◆ **What to produce**
An exact copy of the records below is required, and it must contain no pictures.

═══ Available data ═══

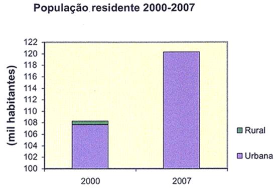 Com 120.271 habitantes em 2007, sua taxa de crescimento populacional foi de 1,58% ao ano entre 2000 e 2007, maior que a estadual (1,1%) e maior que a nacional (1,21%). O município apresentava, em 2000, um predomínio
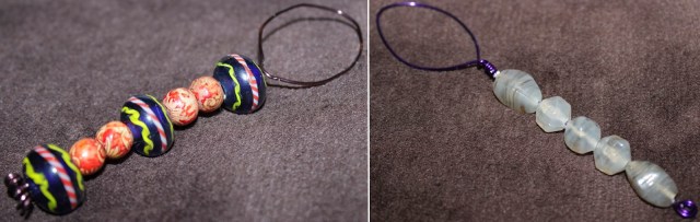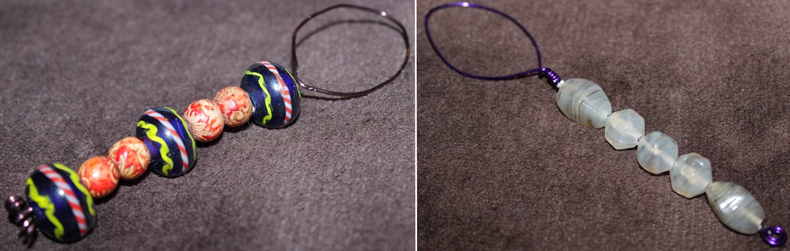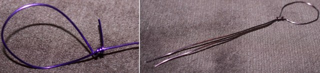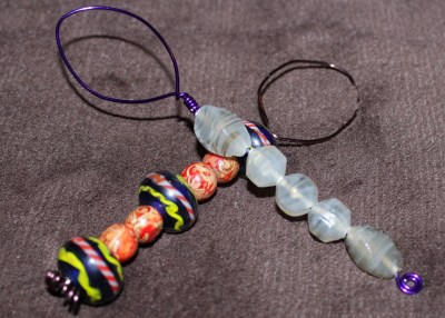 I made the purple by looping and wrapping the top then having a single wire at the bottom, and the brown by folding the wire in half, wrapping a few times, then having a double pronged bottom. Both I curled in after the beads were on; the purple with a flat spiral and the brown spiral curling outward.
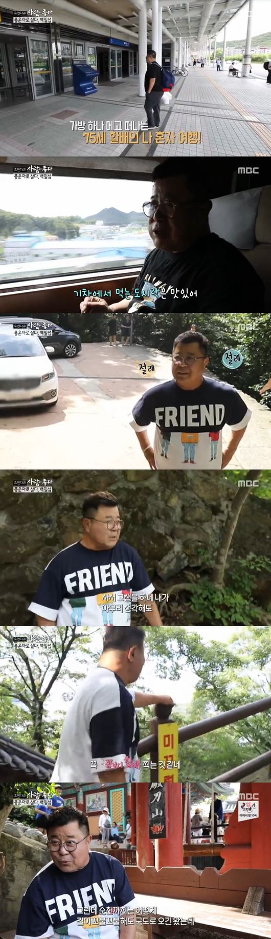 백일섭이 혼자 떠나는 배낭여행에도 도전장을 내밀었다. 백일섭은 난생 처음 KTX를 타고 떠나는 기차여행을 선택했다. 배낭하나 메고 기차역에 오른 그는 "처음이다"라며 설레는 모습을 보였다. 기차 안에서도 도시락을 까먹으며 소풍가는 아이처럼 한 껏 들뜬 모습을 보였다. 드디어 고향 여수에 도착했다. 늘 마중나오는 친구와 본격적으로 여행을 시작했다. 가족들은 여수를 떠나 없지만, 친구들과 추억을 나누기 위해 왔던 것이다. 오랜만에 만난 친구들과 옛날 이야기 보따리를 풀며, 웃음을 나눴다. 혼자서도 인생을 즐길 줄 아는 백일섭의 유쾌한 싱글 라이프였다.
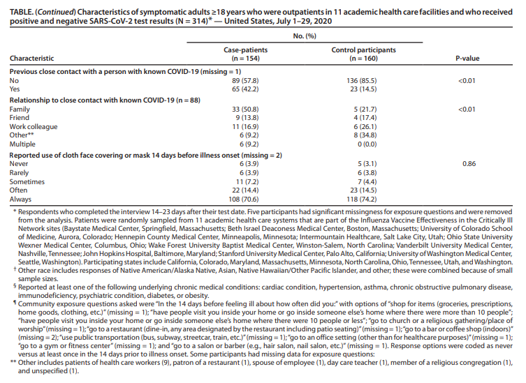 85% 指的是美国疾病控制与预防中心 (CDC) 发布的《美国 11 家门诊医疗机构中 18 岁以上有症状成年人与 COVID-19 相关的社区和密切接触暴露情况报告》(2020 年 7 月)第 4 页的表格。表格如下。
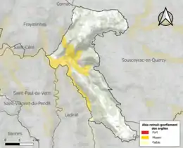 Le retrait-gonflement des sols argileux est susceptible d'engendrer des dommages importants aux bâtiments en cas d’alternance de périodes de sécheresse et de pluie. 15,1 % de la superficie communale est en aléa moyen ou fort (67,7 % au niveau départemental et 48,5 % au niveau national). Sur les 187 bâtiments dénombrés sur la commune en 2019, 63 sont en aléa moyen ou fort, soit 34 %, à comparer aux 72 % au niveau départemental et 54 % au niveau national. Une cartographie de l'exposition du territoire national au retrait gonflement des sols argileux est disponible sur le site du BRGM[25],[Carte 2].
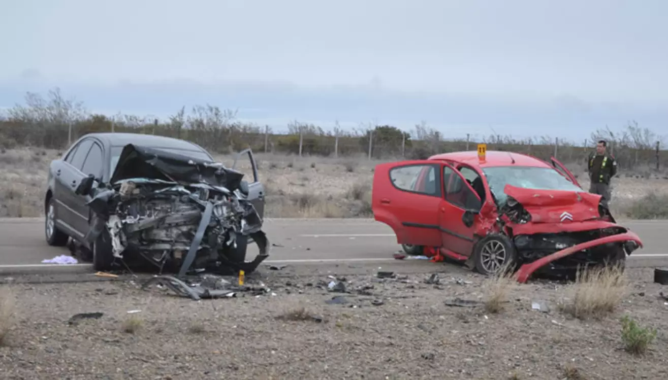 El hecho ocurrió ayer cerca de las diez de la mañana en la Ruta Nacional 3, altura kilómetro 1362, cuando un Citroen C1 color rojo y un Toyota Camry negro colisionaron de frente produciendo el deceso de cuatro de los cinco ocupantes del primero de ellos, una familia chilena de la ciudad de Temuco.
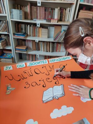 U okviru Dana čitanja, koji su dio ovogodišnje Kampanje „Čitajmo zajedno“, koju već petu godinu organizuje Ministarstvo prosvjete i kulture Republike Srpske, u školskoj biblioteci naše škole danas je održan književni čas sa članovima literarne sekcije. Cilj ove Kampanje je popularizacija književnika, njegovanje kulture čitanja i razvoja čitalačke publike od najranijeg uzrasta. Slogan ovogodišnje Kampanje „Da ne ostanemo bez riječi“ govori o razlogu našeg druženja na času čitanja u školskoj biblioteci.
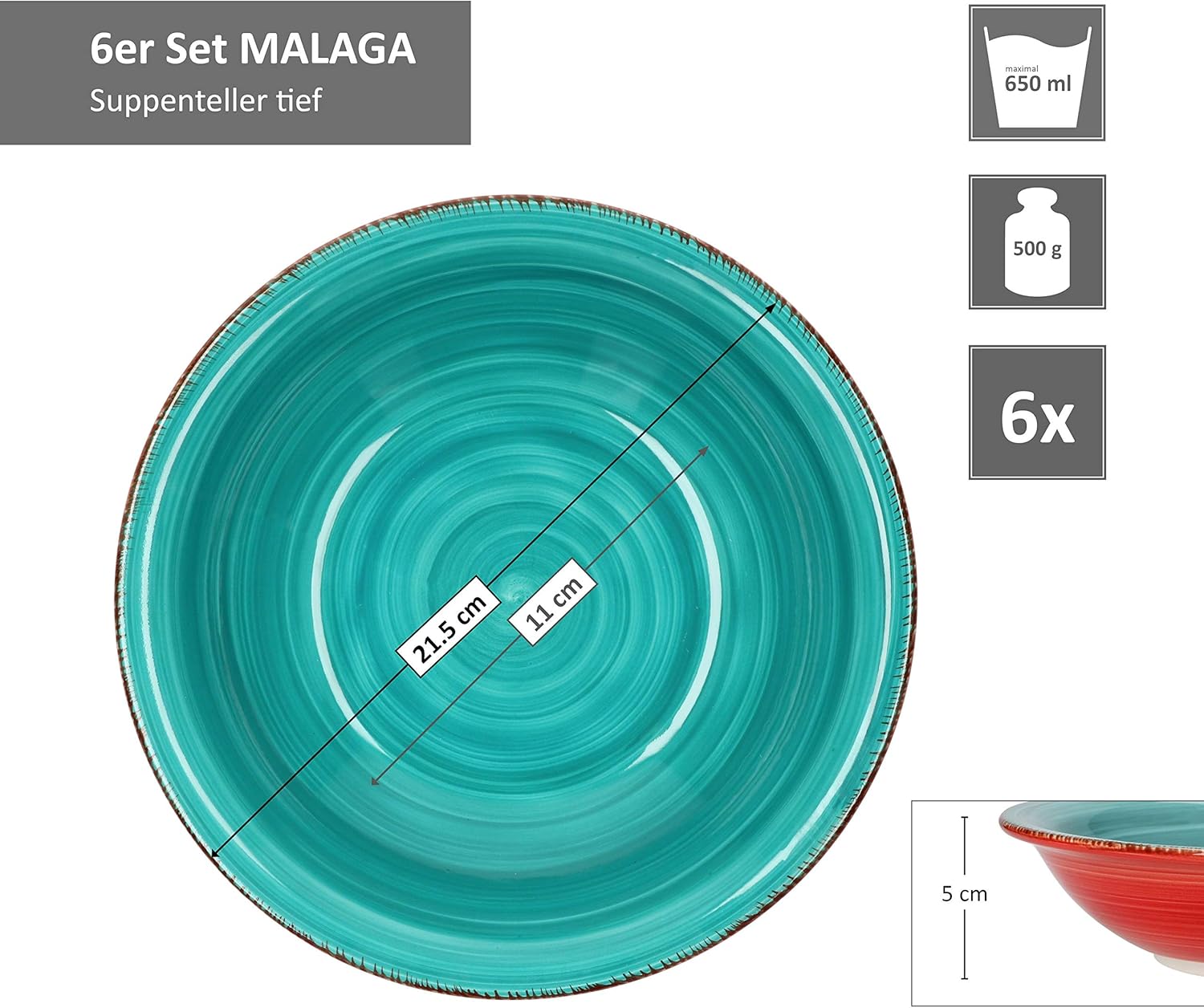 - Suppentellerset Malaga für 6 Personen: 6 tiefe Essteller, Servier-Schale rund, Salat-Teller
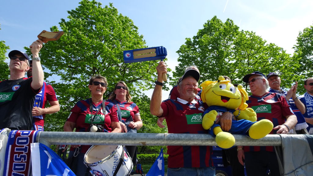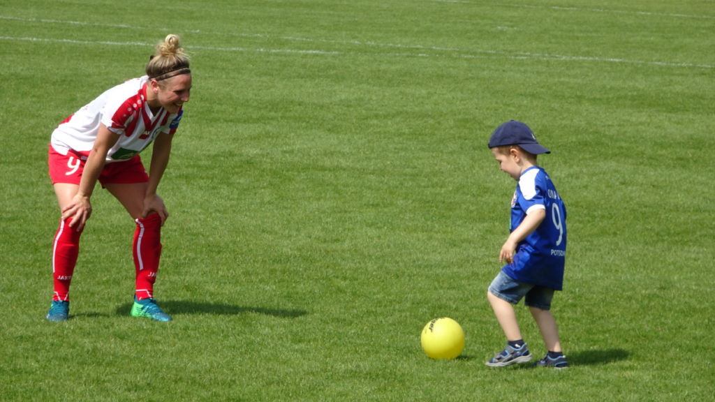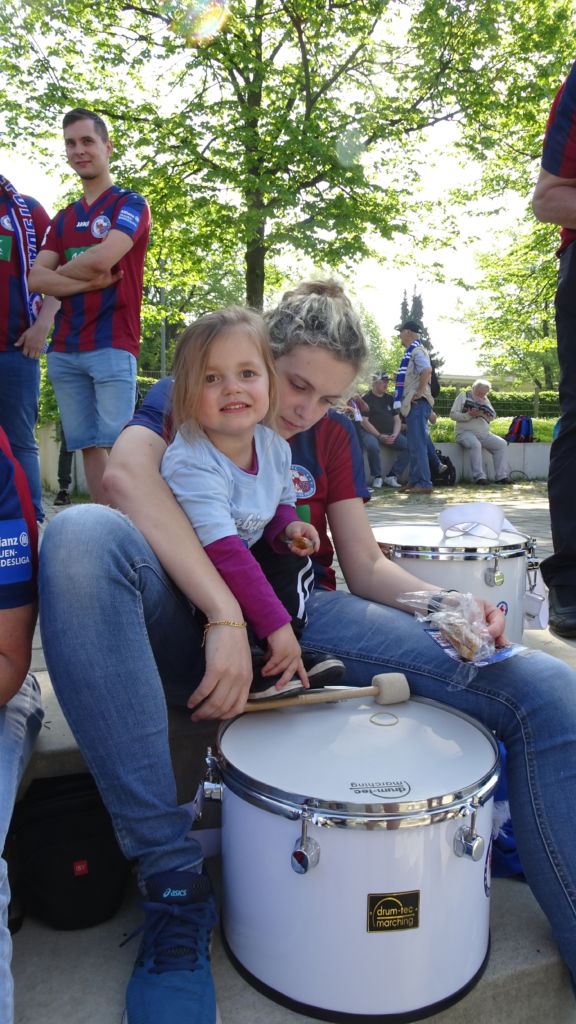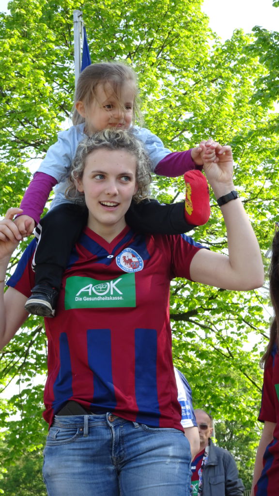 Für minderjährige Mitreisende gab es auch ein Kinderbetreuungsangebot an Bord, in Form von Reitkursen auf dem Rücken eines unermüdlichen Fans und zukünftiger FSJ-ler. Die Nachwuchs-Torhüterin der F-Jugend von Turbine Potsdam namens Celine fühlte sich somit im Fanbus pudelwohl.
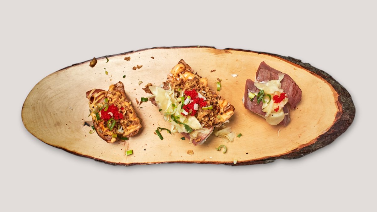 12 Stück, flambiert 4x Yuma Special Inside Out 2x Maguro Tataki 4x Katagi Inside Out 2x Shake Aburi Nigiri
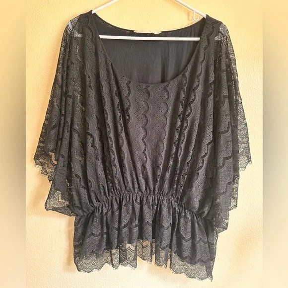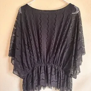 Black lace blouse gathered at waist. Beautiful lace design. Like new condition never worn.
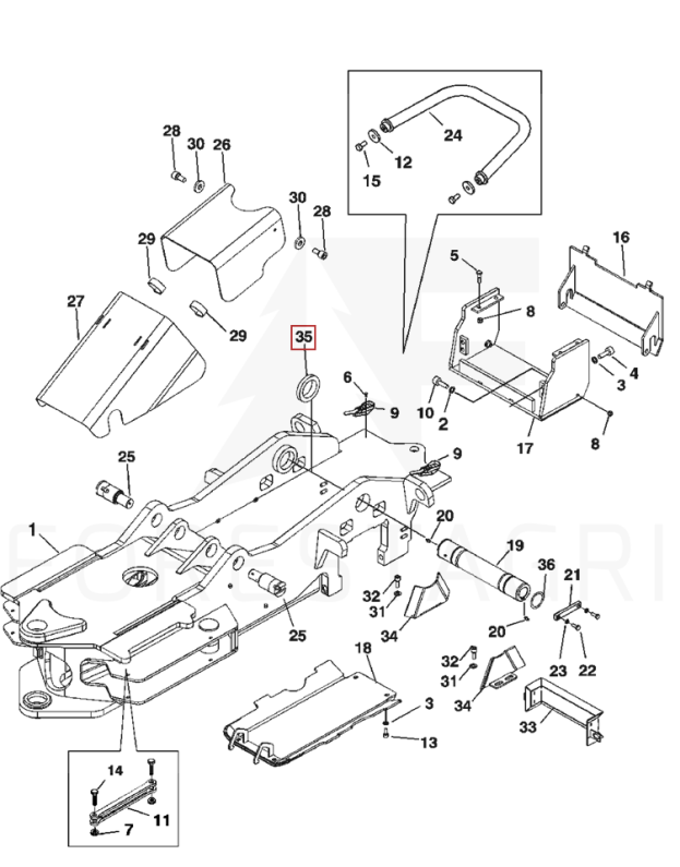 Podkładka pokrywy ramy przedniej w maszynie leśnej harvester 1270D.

═══

◆ **Finished task**
 Com 120.271 habitantes em 2007, sua taxa de crescimento populacional foi de 1,58% ao ano entre 2000 e 2007, maior que a estadual (1,1%) e maior que a nacional (1,21%). O município apresentava, em 2000, um predomínio
 I made the purple by looping and wrapping the top then having a single wire at the bottom, and the brown by folding the wire in half, wrapping a few times, then having a double pronged bottom. Both I curled in after the beads were on; the purple with a flat spiral and the brown spiral curling outward.
 백일섭이 혼자 떠나는 배낭여행에도 도전장을 내밀었다. 백일섭은 난생 처음 KTX를 타고 떠나는 기차여행을 선택했다. 배낭하나 메고 기차역에 오른 그는 "처음이다"라며 설레는 모습을 보였다. 기차 안에서도 도시락을 까먹으며 소풍가는 아이처럼 한 껏 들뜬 모습을 보였다. 드디어 고향 여수에 도착했다. 늘 마중나오는 친구와 본격적으로 여행을 시작했다. 가족들은 여수를 떠나 없지만, 친구들과 추억을 나누기 위해 왔던 것이다. 오랜만에 만난 친구들과 옛날 이야기 보따리를 풀며, 웃음을 나눴다. 혼자서도 인생을 즐길 줄 아는 백일섭의 유쾌한 싱글 라이프였다.
 85% 指的是美国疾病控制与预防中心 (CDC) 发布的《美国 11 家门诊医疗机构中 18 岁以上有症状成年人与 COVID-19 相关的社区和密切接触暴露情况报告》(2020 年 7 月)第 4 页的表格。表格如下。
 Le retrait-gonflement des sols argileux est susceptible d'engendrer des dommages importants aux bâtiments en cas d’alternance de périodes de sécheresse et de pluie. 15,1 % de la superficie communale est en aléa moyen ou fort (67,7 % au niveau départemental et 48,5 % au niveau national). Sur les 187 bâtiments dénombrés sur la commune en 2019, 63 sont en aléa moyen ou fort, soit 34 %, à comparer aux 72 % au niveau départemental et 54 % au niveau national. Une cartographie de l'exposition du territoire national au retrait gonflement des sols argileux est disponible sur le site du BRGM[25],[Carte 2].
 El hecho ocurrió ayer cerca de las diez de la mañana en la Ruta Nacional 3, altura kilómetro 1362, cuando un Citroen C1 color rojo y un Toyota Camry negro colisionaron de frente produciendo el deceso de cuatro de los cinco ocupantes del primero de ellos, una familia chilena de la ciudad de Temuco.
 U okviru Dana čitanja, koji su dio ovogodišnje Kampanje „Čitajmo zajedno“, koju već petu godinu organizuje Ministarstvo prosvjete i kulture Republike Srpske, u školskoj biblioteci naše škole danas je održan književni čas sa članovima literarne sekcije. Cilj ove Kampanje je popularizacija književnika, njegovanje kulture čitanja i razvoja čitalačke publike od najranijeg uzrasta. Slogan ovogodišnje Kampanje „Da ne ostanemo bez riječi“ govori o razlogu našeg druženja na času čitanja u školskoj biblioteci.
 - Suppentellerset Malaga für 6 Personen: 6 tiefe Essteller, Servier-Schale rund, Salat-Teller
 Für minderjährige Mitreisende gab es auch ein Kinderbetreuungsangebot an Bord, in Form von Reitkursen auf dem Rücken eines unermüdlichen Fans und zukünftiger FSJ-ler. Die Nachwuchs-Torhüterin der F-Jugend von Turbine Potsdam namens Celine fühlte sich somit im Fanbus pudelwohl.
 12 Stück, flambiert 4x Yuma Special Inside Out 2x Maguro Tataki 4x Katagi Inside Out 2x Shake Aburi Nigiri
 Black lace blouse gathered at waist. Beautiful lace design. Like new condition never worn.
 Podkładka pokrywy ramy przedniej w maszynie leśnej harvester 1270D.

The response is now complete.